Data for this exercise |
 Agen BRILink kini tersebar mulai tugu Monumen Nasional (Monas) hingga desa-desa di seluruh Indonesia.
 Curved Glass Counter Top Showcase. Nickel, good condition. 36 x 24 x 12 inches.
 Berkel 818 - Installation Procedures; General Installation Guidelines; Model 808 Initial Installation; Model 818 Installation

==

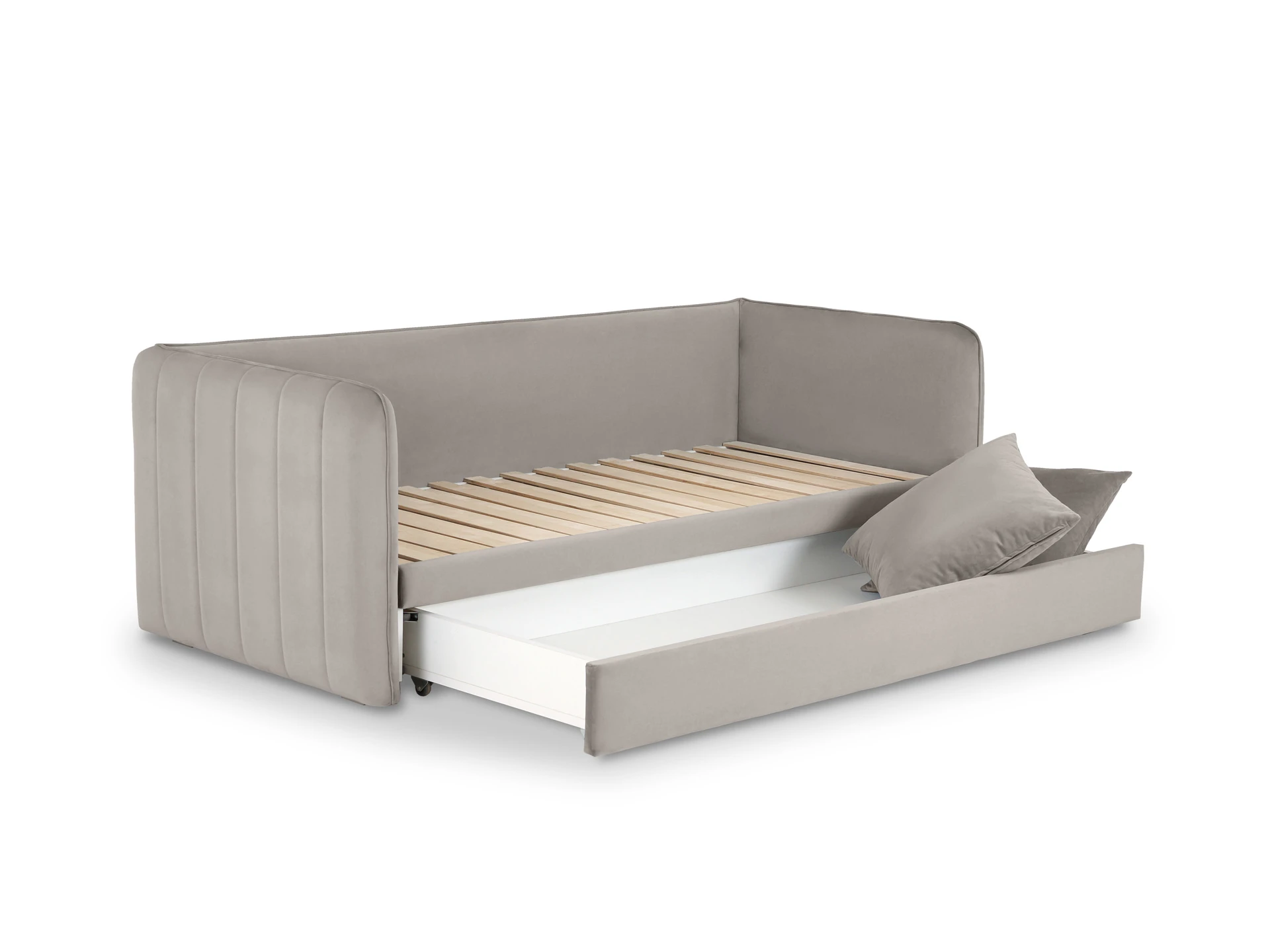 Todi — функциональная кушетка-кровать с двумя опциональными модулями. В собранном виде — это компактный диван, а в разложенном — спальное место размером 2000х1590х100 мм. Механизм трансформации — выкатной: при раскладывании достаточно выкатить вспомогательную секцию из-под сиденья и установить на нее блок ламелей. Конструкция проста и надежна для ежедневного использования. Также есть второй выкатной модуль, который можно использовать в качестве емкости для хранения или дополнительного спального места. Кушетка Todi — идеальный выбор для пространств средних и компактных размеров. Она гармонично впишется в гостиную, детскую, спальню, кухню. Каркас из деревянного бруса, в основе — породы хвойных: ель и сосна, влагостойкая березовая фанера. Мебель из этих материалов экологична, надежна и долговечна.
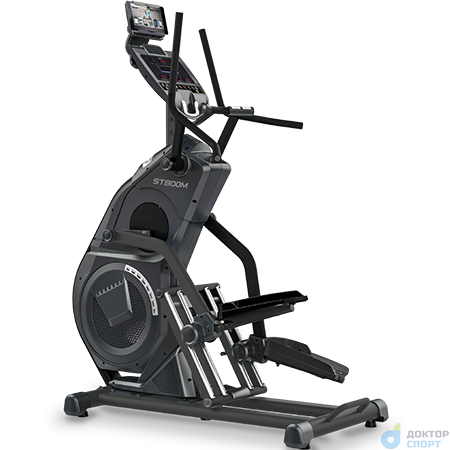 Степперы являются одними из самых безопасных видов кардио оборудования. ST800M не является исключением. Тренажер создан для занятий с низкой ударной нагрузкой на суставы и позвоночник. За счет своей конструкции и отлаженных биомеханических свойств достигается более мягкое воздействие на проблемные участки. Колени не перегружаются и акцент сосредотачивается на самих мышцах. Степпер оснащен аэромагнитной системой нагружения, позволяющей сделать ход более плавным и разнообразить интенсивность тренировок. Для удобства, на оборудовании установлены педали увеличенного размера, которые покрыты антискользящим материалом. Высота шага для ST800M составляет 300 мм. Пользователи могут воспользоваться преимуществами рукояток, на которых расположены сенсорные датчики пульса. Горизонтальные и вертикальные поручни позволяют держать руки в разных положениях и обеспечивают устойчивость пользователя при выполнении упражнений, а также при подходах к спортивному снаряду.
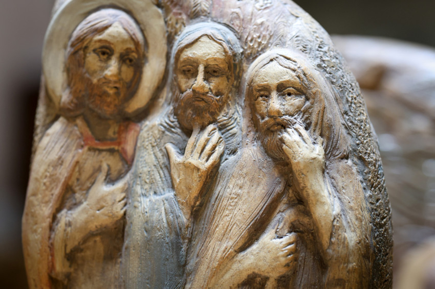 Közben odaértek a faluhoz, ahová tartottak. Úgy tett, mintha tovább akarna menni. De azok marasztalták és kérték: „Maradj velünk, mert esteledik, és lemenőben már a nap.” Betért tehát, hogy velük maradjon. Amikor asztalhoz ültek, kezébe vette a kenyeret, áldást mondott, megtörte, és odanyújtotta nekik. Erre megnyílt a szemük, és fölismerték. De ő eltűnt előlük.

* * *

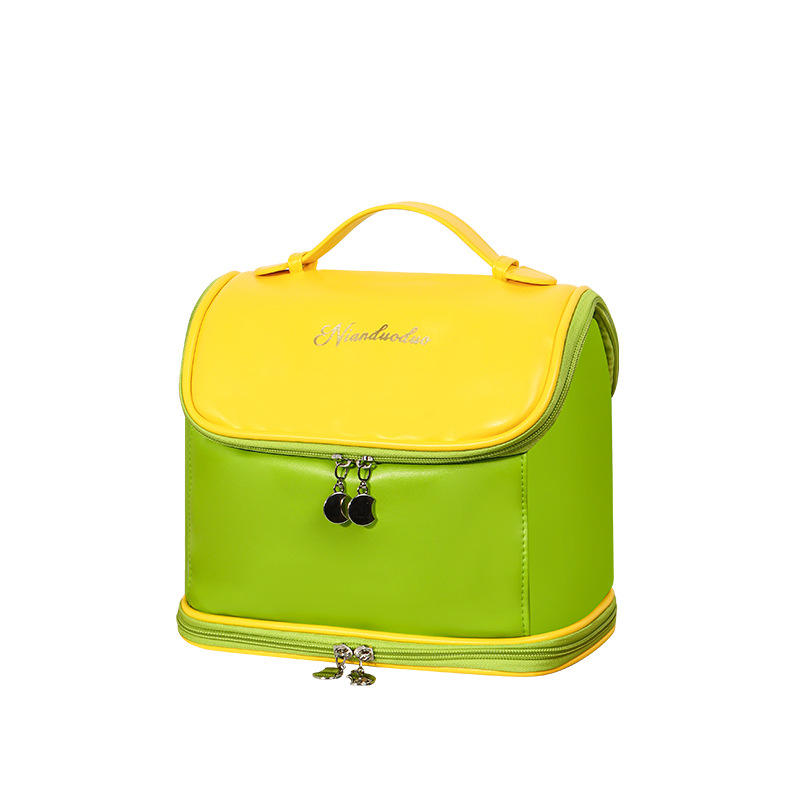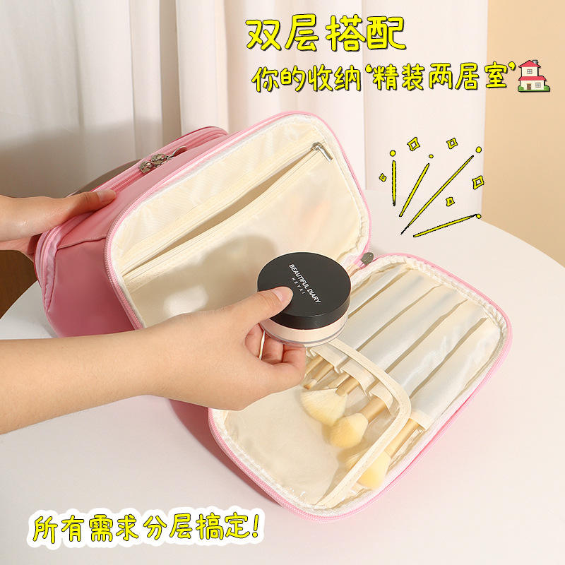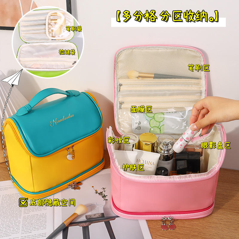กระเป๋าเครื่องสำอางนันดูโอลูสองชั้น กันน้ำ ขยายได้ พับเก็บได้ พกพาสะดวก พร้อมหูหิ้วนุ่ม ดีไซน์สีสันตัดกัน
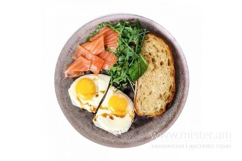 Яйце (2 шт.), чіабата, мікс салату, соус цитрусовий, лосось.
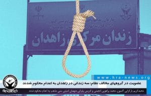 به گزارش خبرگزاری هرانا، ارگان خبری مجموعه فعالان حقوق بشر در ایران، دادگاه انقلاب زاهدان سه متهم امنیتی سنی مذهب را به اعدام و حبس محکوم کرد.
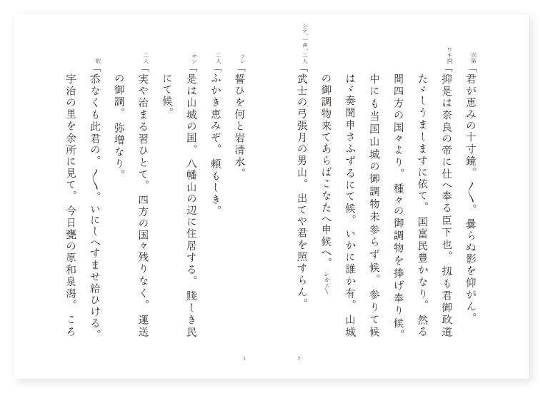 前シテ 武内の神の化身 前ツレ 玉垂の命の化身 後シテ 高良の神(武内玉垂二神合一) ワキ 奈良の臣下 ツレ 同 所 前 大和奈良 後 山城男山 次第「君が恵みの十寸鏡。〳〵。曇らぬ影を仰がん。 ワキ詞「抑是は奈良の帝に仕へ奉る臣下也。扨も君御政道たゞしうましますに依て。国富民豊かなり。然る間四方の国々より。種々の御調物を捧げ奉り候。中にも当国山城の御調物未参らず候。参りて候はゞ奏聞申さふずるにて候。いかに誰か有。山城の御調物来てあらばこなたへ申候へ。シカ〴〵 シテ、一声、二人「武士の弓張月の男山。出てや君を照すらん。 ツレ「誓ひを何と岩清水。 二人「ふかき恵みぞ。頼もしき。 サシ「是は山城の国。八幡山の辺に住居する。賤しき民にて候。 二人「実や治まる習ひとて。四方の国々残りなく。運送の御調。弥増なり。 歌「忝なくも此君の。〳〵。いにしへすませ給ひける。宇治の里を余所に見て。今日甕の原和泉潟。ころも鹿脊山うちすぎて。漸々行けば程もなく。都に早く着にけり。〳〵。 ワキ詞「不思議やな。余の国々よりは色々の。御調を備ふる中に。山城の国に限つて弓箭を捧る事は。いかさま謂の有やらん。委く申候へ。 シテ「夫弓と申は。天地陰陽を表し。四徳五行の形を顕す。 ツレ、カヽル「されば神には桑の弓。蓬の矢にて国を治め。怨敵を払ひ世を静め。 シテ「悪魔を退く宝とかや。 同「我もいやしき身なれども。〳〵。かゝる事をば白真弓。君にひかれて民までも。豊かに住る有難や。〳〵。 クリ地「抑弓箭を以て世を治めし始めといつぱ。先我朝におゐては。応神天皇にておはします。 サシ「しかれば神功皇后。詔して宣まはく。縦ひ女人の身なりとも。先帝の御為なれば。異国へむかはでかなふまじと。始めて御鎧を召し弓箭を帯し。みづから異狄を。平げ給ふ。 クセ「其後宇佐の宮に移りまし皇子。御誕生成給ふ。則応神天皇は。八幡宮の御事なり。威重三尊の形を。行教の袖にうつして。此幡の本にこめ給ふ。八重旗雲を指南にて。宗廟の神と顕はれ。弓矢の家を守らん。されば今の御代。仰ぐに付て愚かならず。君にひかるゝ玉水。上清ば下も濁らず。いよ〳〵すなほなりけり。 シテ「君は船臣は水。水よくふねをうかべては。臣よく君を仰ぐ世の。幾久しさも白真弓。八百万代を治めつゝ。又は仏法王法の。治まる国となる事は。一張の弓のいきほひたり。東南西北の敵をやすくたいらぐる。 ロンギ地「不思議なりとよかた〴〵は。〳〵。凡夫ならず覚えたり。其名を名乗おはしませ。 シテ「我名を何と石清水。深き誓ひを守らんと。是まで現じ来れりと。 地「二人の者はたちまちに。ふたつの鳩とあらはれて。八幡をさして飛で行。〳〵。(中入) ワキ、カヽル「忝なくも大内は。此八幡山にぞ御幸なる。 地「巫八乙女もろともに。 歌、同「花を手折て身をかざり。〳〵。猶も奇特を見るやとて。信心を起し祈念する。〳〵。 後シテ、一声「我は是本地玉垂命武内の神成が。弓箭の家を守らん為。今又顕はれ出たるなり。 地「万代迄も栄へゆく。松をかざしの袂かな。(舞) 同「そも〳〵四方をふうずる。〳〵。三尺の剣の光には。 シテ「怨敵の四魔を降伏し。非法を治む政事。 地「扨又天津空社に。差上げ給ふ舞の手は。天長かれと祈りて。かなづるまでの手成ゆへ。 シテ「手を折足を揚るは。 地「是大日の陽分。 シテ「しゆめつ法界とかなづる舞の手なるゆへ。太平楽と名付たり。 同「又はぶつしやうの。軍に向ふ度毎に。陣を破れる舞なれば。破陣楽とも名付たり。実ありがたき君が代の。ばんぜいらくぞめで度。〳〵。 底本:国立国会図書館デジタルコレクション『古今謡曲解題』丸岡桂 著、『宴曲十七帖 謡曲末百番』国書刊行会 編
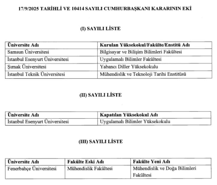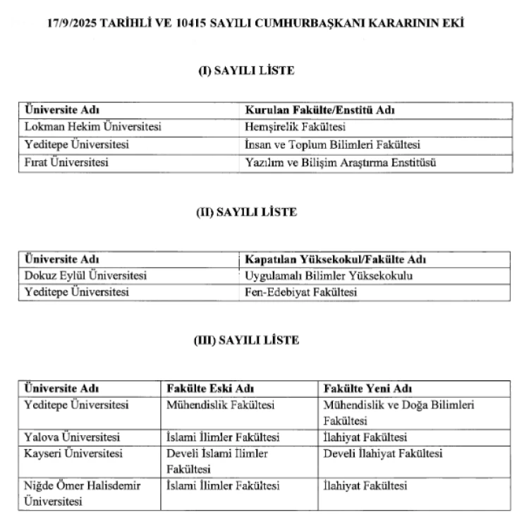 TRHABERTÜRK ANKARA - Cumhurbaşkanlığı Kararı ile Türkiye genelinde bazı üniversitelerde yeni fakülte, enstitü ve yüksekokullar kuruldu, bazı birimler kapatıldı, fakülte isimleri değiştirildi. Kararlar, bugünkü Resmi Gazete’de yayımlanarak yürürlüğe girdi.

How to complete this task | Transcribe the records above from the line holding "Agen BRILink kini" down to the line holding "Berkel 818 - Installation", inclusive, without adding anything.

Result below |
 Agen BRILink kini tersebar mulai tugu Monumen Nasional (Monas) hingga desa-desa di seluruh Indonesia.
 Curved Glass Counter Top Showcase. Nickel, good condition. 36 x 24 x 12 inches.
 Berkel 818 - Installation Procedures; General Installation Guidelines; Model 808 Initial Installation; Model 818 Installation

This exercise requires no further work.